É dar as razões para fazer alguma coisa. Por isso, é fundamental conviver com pessoas que motivem – que lhe apresentem motivos. Que não fiquem dizendo: “Bobagem! Não olhe em mapa nenhum! Vai indo que você chega!” Você tem que decidir quem deve ir junto para ajudar a chegar mais rápido, sem tanta pressa, mas sem perder muito tempo.

“Para viver motivado, é preciso conhecer-se. Definir os seus objetivos.”

O objetivo de qualquer pessoa é ser feliz. Mas isso é muito genérico. Então, você deve analisar cada papel que você desempenha na sociedade (papel de pai, de mãe, de amigo, de funcionário, etc.), definindo o que você deseja – a sua ambição. O que você quer ser como pai? E como amigo? E como estudante?

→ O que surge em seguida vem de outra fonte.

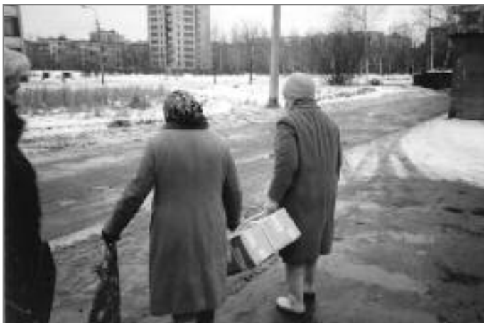
Zwei Frauen, die ein Paket nach Hause tragen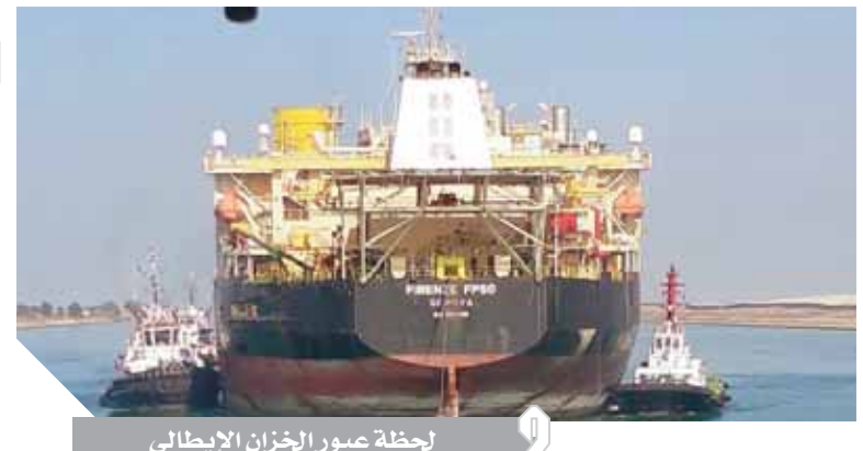
لحظة عبور الخزان الإيطالى

عبر قناة السويس أمس الثلاثاء الخزان النفطى العائم Firenze Ppsو رافعا علم إيطاليا بجمولة 60 ألف طن وسط إجراءات استثنائية وصفتها إدارة قناة السويس بأنها أصعب عمليات العبور تمر بالقناة مسدداً رسوم عبور بلغت 2,5 مليون دولار. وقال الفريق مهذب ميميش رئيس هيئة قناة السويس إن عبور الخزان تم بمراقبة 5 من أكبر قاطرات قناة السويس وسط ترتيبات الغرفة، إلى ضريح يزوره الأهالى للتبارك الخزان العائم مر بالقناة بسلام محققا كل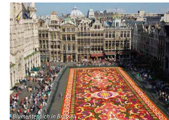
Blumenteppeich in Brüssel

Termin/e _____ Firma _____ Ansprechpartner _____ Tel. _____ E-Mail _____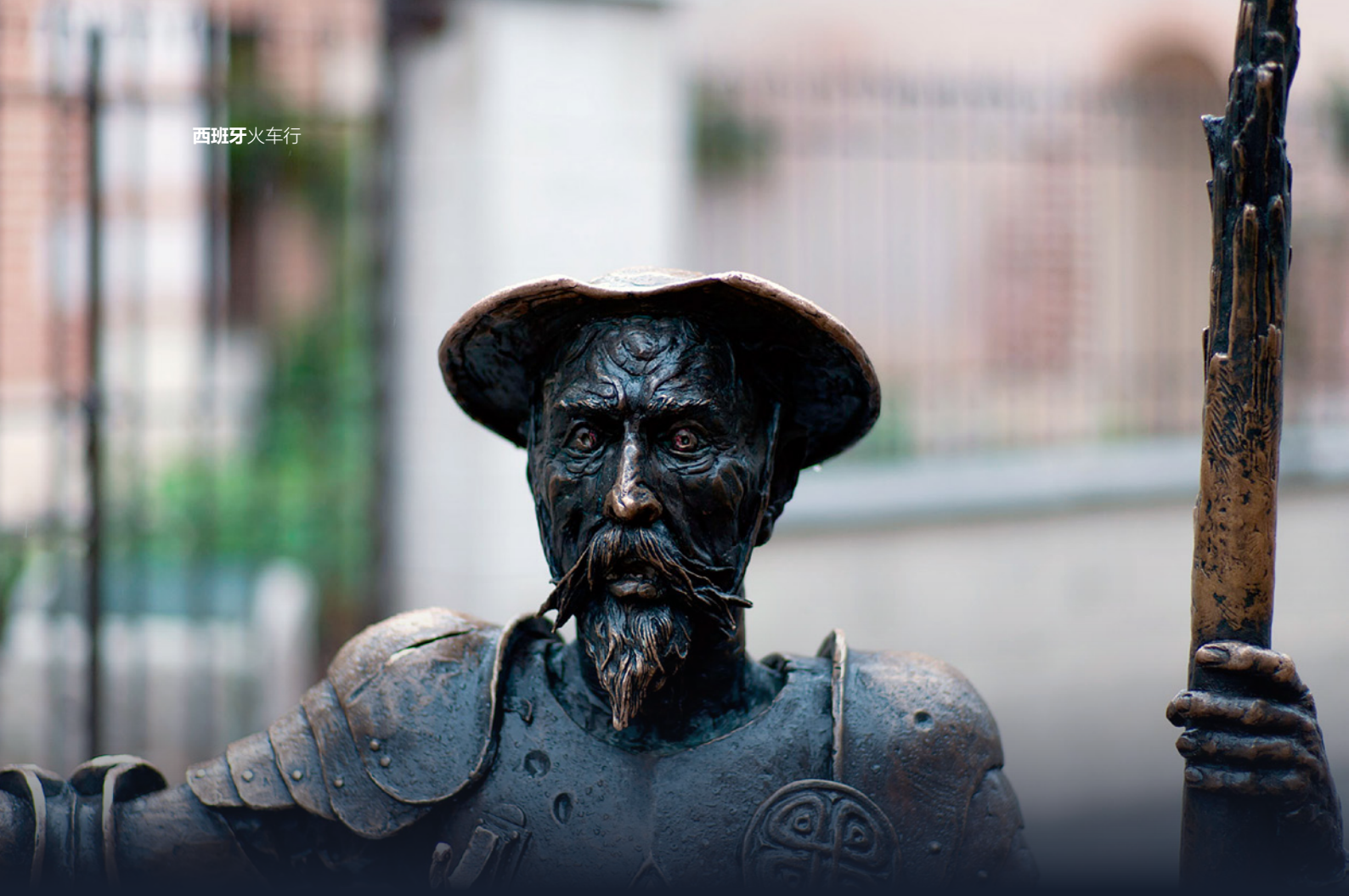
▲ 唐吉珂德的雕塑 阿尔卡拉德埃纳雷斯，马德里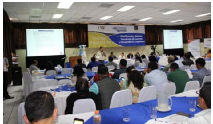
2do. Taller Regional de Alcaldes (Región Nororiente).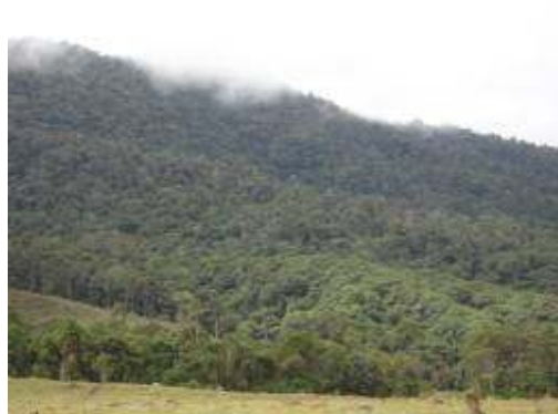
Predio La Cabaña

Por este concepto se ejecutaron $59.984.185 en control de áreas degradadas durante las vigencias evaluadas, evidenciándose: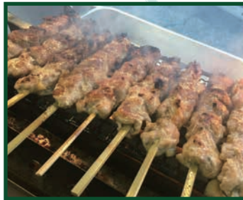
Little Kitchen Soleil 串焼き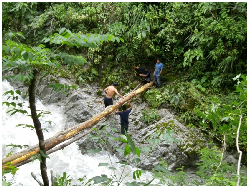
Combatientes del EPL. En una encañada, forzando el cruce del río Imaybamba. Agosto 2012.

¿Así las cosas, en qué quedó la denominada derrota de sendero, derrota del terrorismo, acuerdo de paz, la pacificación nacional y otras tantas diatribas? Creemos firmemente que todo esto es una infamia contra el Partido. Con fervor revolucionario desplegamos al viento las rojas banderas de la rebelión. ¡Viva la Guerra Popular! ¡La rebelión se justifica! ¡Tomar los cielos por asalto! Nuestra arma invencible: El Marxismo-Leninismo-Maoísmo, Pensamiento Gonzalo. Los reaccionarios dicen: Rinde tus armas . Nosotros le respondemos: Ven a tomarlas . Una vez más levantamos al tope la consigna del presidente Mao: Quien no teme morir cortado en mil pedazos se atreve a desmontar al emperador.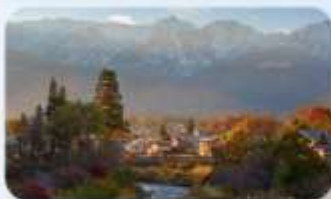
โออิเตะ ปาร์ค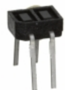
GP2S24BJ000F Sharp Microelectronics PHOTOINTERRUPTER REFL 0.7MM PCB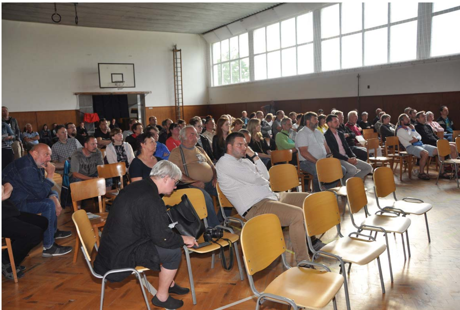
Zaplněná sokolovna – prezentace fotovoltaiky.

Z veřejných témat, o nichž se mezi Vlkováky hovořilo, se v uplynulém roce stala jednoznačně nejvýznamnější otázka projektu tzv. agrovoltaiky, který představila společnost Agrivolt Rasošky. Záměr vybudovat na katastrech Vlkova, sousedních Rasošek a Nového Plesu fotovoltaickou elektrárnu v rozsahu zcela se vymykajícím měřítku, na jaké jsme v naší obci zvyklí, vzbudil širokou odezvu. Mnozí z vás se zúčastnili červnového veřejného představení záměru a diskuse s jeho původci v sokolovně, řada z vás adresovala otázky zastupitelům a téma široce probírala v rozhovorech se sousedy a přáteli. Zastupitelstvo se jednoznačně shodlo, že podnikatelský projekt obří fotovoltaické elektrárny představuje mimořádný zásah do života a tváře naší vesnice, o kterém dosud nikdy nebylo veřejně uvažováno a který není součástí žádné oficiální rozvojové strategie Vlkova. Z toho důvodu jsme se usnesli, že v případě přijímání rozhodnutí v této záležitosti budeme vycházet z většinového názoru obyvatel.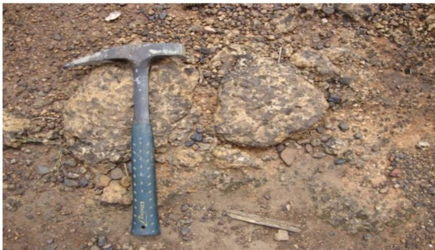
Foto 2. Merupakan salah satu penampakan satuan batuan konglomerat-krakal, diatas merupakan kenampakan litologi lanau yang mempunyai nodul-nodul mangan. Kamera menghadap ke utara. (Satuan batuan

Kode : KOA 2 Batuan : Batulanau (Nodul Mangan)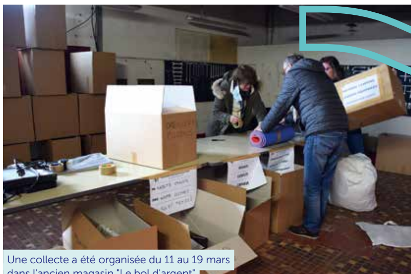
Une collecte a été organisée du 11 au 19 mars dans l'ancien magasin "Le bol d'argent"

Les personnes souhaitant héberger des réfugiés ukrainiens peuvent se faire connaître en mairie ou à la préfecture qui est en charge de la gestion de l'accueil des réfugiés.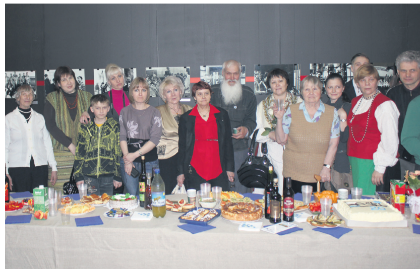
Krasnojarski Eesti Seltsi 20. sünnipäeva tähistamine 2012. a kevadel.

Suur osa Venemaa eestlasi elab riigis hajutatult, kompaktsed kogukondi leidub Peterburis, kus 2002. aasta rahvaloenduse järgi elas 2226, Leningradi oblastis 1409 ja Moskvas 1244 eestlast. Siberis elab eestlasi enim Krasnojarski kraisis. Sealsete kaks suuremat eesti külakogukonda on: Ülem-Suetuk (elanikke u 150) ja Haidak (u 180). Novosibirski oblastis elab eestlasi enim Nikolajevka külas ja Tomski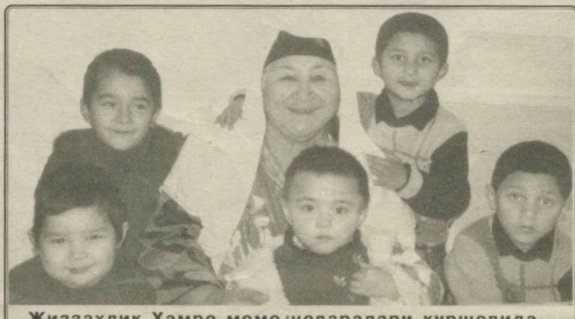
Жиззахлик Ҳамро момо неваралари қуршовида.

миз тағига ахлат тўкаётганини кўриб қолиб тергов қилгандилар. «Онам номозшомдан фойдаланиб, бирон кишининг ҳовлиси олдига тўкиб кела қол», дегандилар дебди. "Кимдир кечаси деворимнинг тағига ахлат тўкиб кетаяпти", деб нолиб юрган кўшнилари кўз олдимга келиб юрагим увишди. Битта нотўғри қадам, биргина ноҳўя сўз болани йўлдан чиқариши, мурғак қалби бутунлай майиб бўлиб қолиши мумкин экан. Хурматли опа-сингиллар, бола тарбиясига масъулият билан ёндошайлик! Ёшларимиз тарбияси-

Escreva. Não deixe só na cabeça. Escreva. Você quer ser visto como? Depois, faça uma análise. Como você é hoje, frente a isso? Você está muito distante do que você escreveu? Quais são os seus pontos fracos – o que distancia você desses objetivos? Quais são os seus pontos fortes – o que aproxima você dos seus objetivos? O que leva você em direção a esses objetivos?

Em seguida, para cada papel que você desempenha, defina o que você deve concretamente fazer para chegar até esses objetivos. Para ser o pai que você quer ser. Para ser a esposa que você quer ser. Escreva tudo isso. Se possível, crie prazos para esse seu aperfeiçoamento pessoal.

E aí, queira fazer com entusiasmo. Uma vez que você definiu o que quer, é hora de colocar em prática. E, se você escreveu, você encontrou os motivos. Encontrou o que deve exigir de si mesmo. Agora, é o entusiasmo que dará a força da motivação para esse desenvolvimento pessoal e profissional.

Claro que é muito mais fácil falar do que fazer, mas esse é um processo que exige a criação de novos hábitos. Como se costuma dizer, você não faz um bolo diferente usando a mesma receita. Se não está contente com o bolo, mude a receita! Faça um esforço! Vale a pena? Você sabe que vale... Boa sorte!